I paradossi possono essere risolti con l’ applicazione della logica.
Penso che la peculiarità dell’uomo sia proprio l’essere in grado di applicare la logica adatta all’evento adatto, cosa che dubito fortemente che un computer riesca a fare….
adoro la logica, per me è fondamentale…
ma non indispensabile, la creatività può anche lasciarsela dietro qualche volta;
il mondo, logicamente, è bello perché vario
a..
Dall Riga 26 alla 28 si sostiene che la logica non consente di fare una scoperta; io sostengo invece il contrario, che è la dimostrazione logica che pone il sigillo di ‘scoperta’. Si scopre per mezzo delle dimostrazioni, ed è per questo che sono due millenni che ci scervelliamo per scoprirle. Prima di avere una dimostrazione, la congettura vale quanto banconote da 25 euro, cioè nulla.
Chi si fida dell’intuizione prende granchi. Persino Eulero ne ha presi. Tutti invece ci fidiamo delle dimostrazioni (compreso Eulero, che incessantemente ne cercava di più rigorose, almeno secondo i canoni del suo tempo). Se per intuizione, come viene confuso in questo articolo, indichiamo invece la capacità di costruire assiomi che interiorizzino alcuni aspetti di quella che chiamiamo realtà (e non solo), allora il plauso potrebbe arrivare con poco sforzo ( gli antichi lo credevano), ma sarebbe ingannevole. Si converrà difatti che anche il posizionamento di un principio richiede una serrata analisi logica delle conseguenze che esso porterà.
In altre parole, anche l’intuizione si contestualizza al tessuto logico.
Ne è un caso celebre l’assioma di completezza, che Dedekind studiò nei particolari ragionando logicamente sugli assiomi di Euclide (anche su quelli che Euclide aveva dimenticato), accorgendosi di un assioma in particolare, quello di separazione, in cui vide con “gli occhi della logica” l’esatta inversione della continuità della retta reale.
Per 20 secoli nessuno lo aveva capito, perchè per 20 secoli nessuno aveva posto l’attenzione sulla forma logica degli enunciati euclidei.
La via semplice nella comprensione delle cose è sempre sbagliata, soprattuto in matematica, dove le regole logiche non lasciano spazio ai desideri.

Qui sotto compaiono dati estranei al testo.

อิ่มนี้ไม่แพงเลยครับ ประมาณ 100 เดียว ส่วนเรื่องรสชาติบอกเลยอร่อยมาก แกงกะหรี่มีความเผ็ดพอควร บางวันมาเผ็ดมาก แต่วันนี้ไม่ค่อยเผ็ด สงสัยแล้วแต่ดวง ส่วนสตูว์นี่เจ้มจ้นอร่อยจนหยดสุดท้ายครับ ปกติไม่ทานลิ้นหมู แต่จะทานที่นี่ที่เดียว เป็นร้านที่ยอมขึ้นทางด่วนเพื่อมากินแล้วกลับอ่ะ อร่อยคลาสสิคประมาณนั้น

Una dimostrazione di 10 righe ha distrutto i sogni dei Pitagorici.
Le mele cadute in testa a Newton non avrebbero prodotto risultati senza la neonata analisi di Cartesio, che mi sembra tutt’altro che intuitiva, per il solo fatto che..bhè lascio al lettore attento la risposta.

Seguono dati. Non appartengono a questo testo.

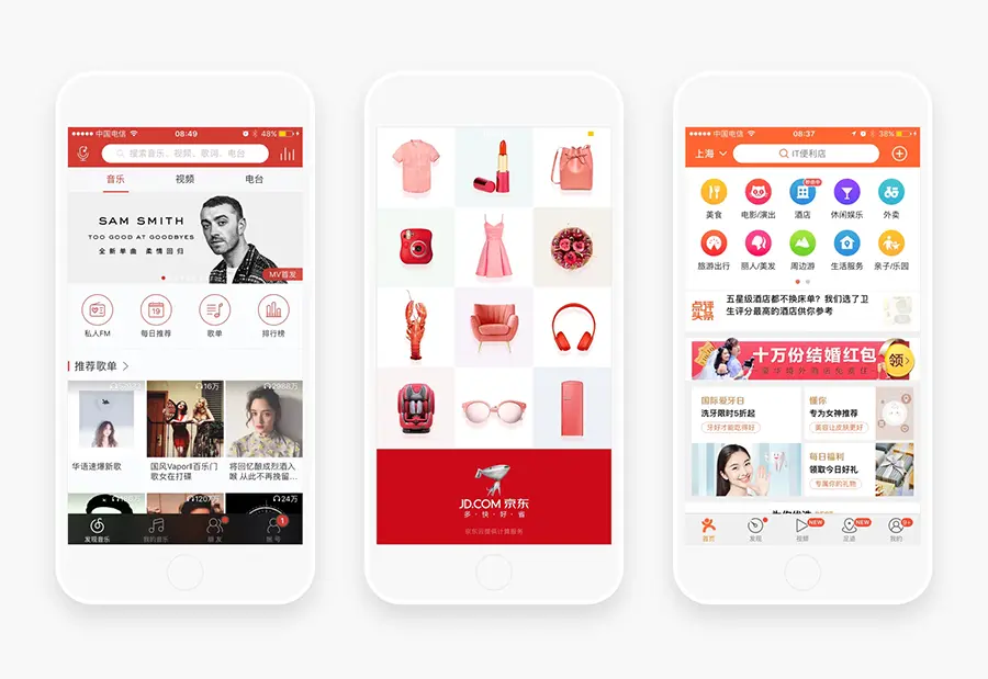 app设计中的板式设计还有很多深究的地方,如视觉层次、阅读节奏感等。由于篇幅有限就不再一一叙述。上面讲到的是比较基础,但又非常实用的要点,在工作中完全够用。下面进入app设计的第三个要素:

Con la mela volevo solo osservare come addirittura ciò che chiamiamo intuizione sia figlia della logica, o se preferiamo, di un simbolismo algebro-grammaticale capace di inglobare un sistema sintattico di deduzione, tutto da interpretare.

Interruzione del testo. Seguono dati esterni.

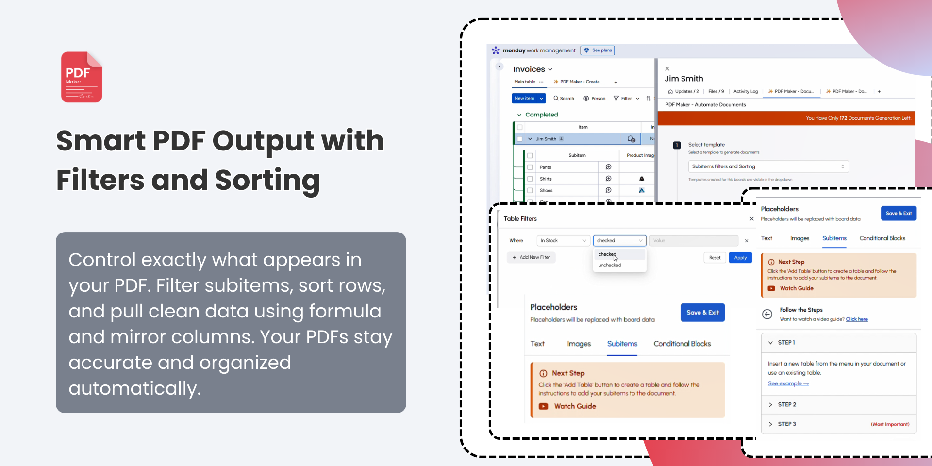 PDF Maker helps monday.com teams create documents and collect signatures without switching tools. You can turn any item, subitem, formula column, or mirrored field into a polished PDF and send it for signature in a few clicks.

Ed è nell’interpretazione che oggi si giocano le risposte alle più grandi domande che l’uomo si sia mai posto da duemila anni a questa parte.
Saluti.
Parlo da matematico, e secondo me, dire che la logica sta alla base di ogni tipo di scienza va detto con cautela: poichè, per ragionamento logico si dovrebbe cerca osa sta alla base della logica e, arrivati a qualche assioma di base, ci si ferma, quindi non è dimostrabile ed affermare che abbia validità generale altre all’autoevidenza diventa rischioso. In ogni caso articoletto apprezzabile, mi sono piaciuti gli intermezzi con alcune note sui matematici di rilievo nel campo della Fantasia + Hilbert.